But as the tensions persist, something else is happening in Akwa Ibom State. It is not terror but embrace. Not just embrace, but medals. The U.S. consul general, Will Stevens, has all the warm words for the governor of Akwa Ibom State, Udom Emmanuel. And or good reasons.
He said it was the first state he has visited, and had not been at peace with travelling outside Lagos State. Listen: “It is a real honour for me to visit Akwa Ibom,” he purrs. “This is my first trip outside Lagos and I’m truly impressed.”
He did not just fly to Uyo. His choice of transportation was a tribute to the shepherd of the oil-rich state. “I flew in on Ibom Air and I’m looking forward to another flight in it.”

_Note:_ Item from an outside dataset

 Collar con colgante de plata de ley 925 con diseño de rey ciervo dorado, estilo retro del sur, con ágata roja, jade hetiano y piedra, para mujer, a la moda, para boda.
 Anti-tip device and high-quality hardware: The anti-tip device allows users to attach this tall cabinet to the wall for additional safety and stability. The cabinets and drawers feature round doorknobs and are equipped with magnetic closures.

But Ibom air, the state’s aviation pride and one of the marvels of Emmanuel’s stewardship, was just one of the beauties that the consul general has given thumps up. He was more focused on the governor’s style and substance of governance. He was referring to the way Emmanuel has handled finance and accountability, as a flagship for his peers. “The state leads all other states in Nigeria in creating its public finance plan,” he said. “We are particularly proud of this and hope that your government is also very proud of it,” Consul General Stevens affirmed.
He found this a breath of fresh air. It is poignant for a nation and at a time when corruption rules while the country is bellyaching over the loss of a chunk of its oil revenue to organized crime and a country where one civil servant has not accounted for over N80 billion. Emmanuel, who is known to privilege Christian ethics over mundane morality, has shown the way.

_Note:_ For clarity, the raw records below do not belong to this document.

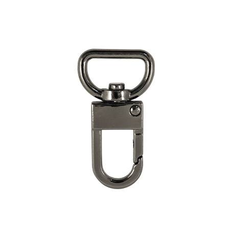 Металлический карабин №1504 с поворотным полукольцом — это надёжный и функциональный элемент фурнитуры, идеально подходящий для пошива сумок, рюкзаков, создания брелоков и других аксессуаров. Изготовлен из полированного металла с качественным покрытием, он обеспечивает долговечность использования и эстетичный внешний вид. Карабин доступен в двух цветах: никель и тёмный металл, что позволяет выбрать оптимальный вариант для различных дизайнерских решений. Поворотное полукольцо обеспечивает удобство использования и гибкость в креплении, подходит для стропы шириной 1,5 см. Надёжный пружинный механизм карабина позволяет легко и без усилий присоединить или снять элемент изделия. Общий размер карабина 2,2х4,1 см.
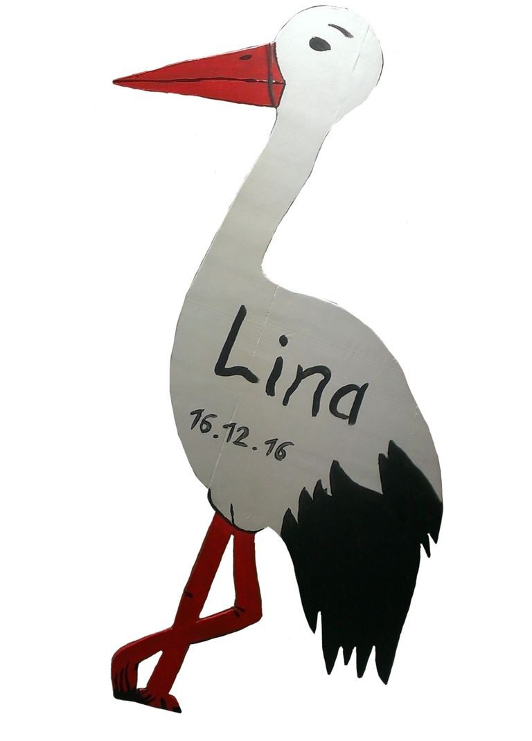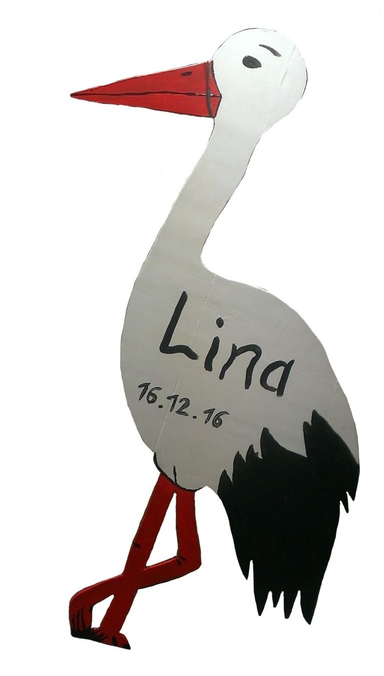 Tipp : Bei der Wahl der Farbe könnt ihr gerne eine bunte Farbmischung machen. Bunt ist immer gut. Aber in diesem Fall würde ich eher zu schwarz tendieren. Sieht harmonischer mit dem Storch aus und man sieht den Namen auch von weiter Weg.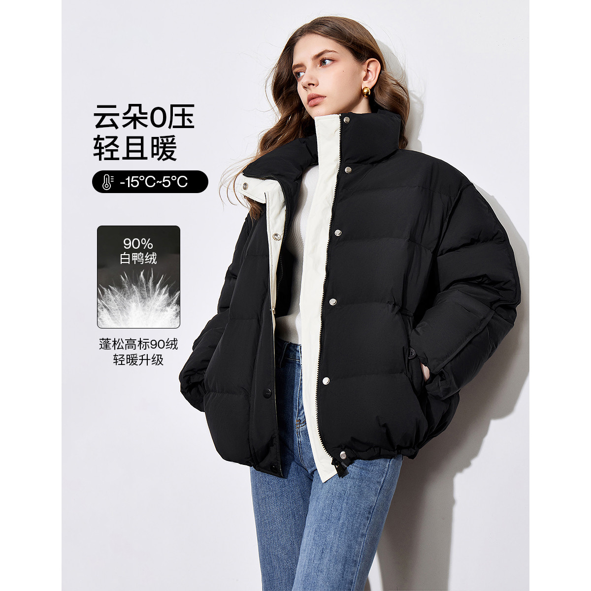 【90铂金绒】冬款多巴胺泡芙羽绒服女蓬松云朵面包服外套

With such credits, it is understandable why Stevens chose Akwa Ibom as his first port of call in all the 36 states in the federation. The state did not have to be large. It did not have to be rich or poor. It did not have to have the large mountain to catch the eye, or the roaring seas to capture the ears. It had to do well, to account to the people, and even as small a state as it is, the United States does not need a big, rumbling giant on the map to notice the work Emmanuel has done as he turns to the last phase of his mandate. Hence the United States prioritises work with Emmanuel and his state.
“Akwa Ibom State is one of the first partners in Africa that has improved on fiscal transparency,” he noted.

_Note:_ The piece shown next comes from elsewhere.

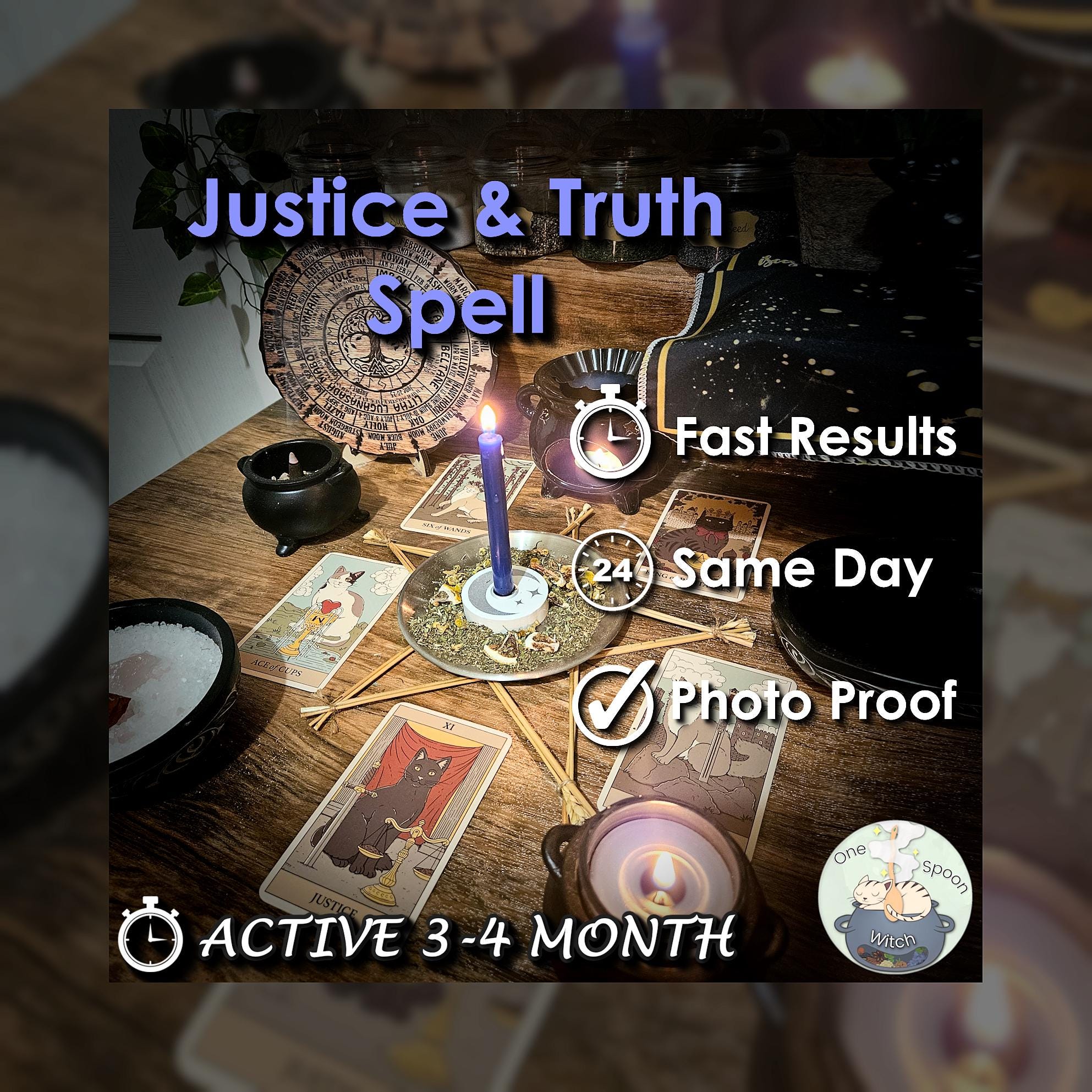 Justice and Truth Spell - SAME DAY Casting for Clarity, Victory, & Defence [Active 3-4 Month] (Tarot w/ Spell Cast)

He identified health, public accountability and fiscal transparency. What he implied is that there is no opaque accounting in the work of his capital projects, nothing to hide in the earth or in the sky about Ibom Air, nothing in the shadows or in the sky with the Dakkada Tower, perhaps the only building that can sniff the clouds in the region. No fear of crime in the sprawling infrastructure work changing the landscape from the city of Uyo to the borders of Abia State or the shoulders of Cross River into the entrails of the rural areas.
Public accountability could look good without fiscal transparency. One can becloud the other. One can upstage the other. You can make your public accounting spick and span, give the people figures, calculate for them the numbers with benumbing charm of apparent accuracy. But if there is no fiscal transparency, the public would not know that some amount of subterfuge is at work. Fiscal transparency is the root, and if one does not know how the root works, it is problematic. We do not know the soil composition and nourishment. One can be deceived with the shoots and flowers. But if we know the fiscal facts, we can compare them with the public record, then reconciliation can be effected.
What Stevens said is that both fiscal material and process and public record cohere. It is the mark of integrity. Hence, he scored Emmanuel as the first among his peers.
One of the areas that interests Stevens is health care, of course, partly because it is a project his government has worked with Akwa Ibom. He picked out the stride in the approach to HIV/AIDS.
Here is what he says. “I wish to note some of the wonderful things that have happened under the governor’s leadership and the leadership of my predecessors. Some of the work have been in the health arena where we have worked hand- in- hand to combat HIV aids.
“This state has moved from just 12% of people who were on treatment to about 95% which surpasses the UN goal for control of epidemic. This truly has been recognized as something to be celebrated.”
Health and education, noted the Roman Historian Tacitus, are two markers of a great citizenry. Stevens noted that Udom has made the country proud.
Emmanuel did not waste the opportunity to express one major complaint against the U.S. He urged Stevens to use his influence to influence the giant Exxon Mobil to put an end to the endless gas flaring in the state. It is not only a great waste of resources, especially in an era where Europe is smarting from the lack of gas supply because Russia turned off its pipeline. It is prosperity frittered away. It also damages the atmosphere.
It is an issue that is sure to attract the attention of the COP27 meeting in the next few days. This is the sort of cooperation we need between the US and Nigeria, where information is shared. No public rancor can solve an issue when private dialogue is necessary. Emmanuel made that possible without noise but with competence and vision.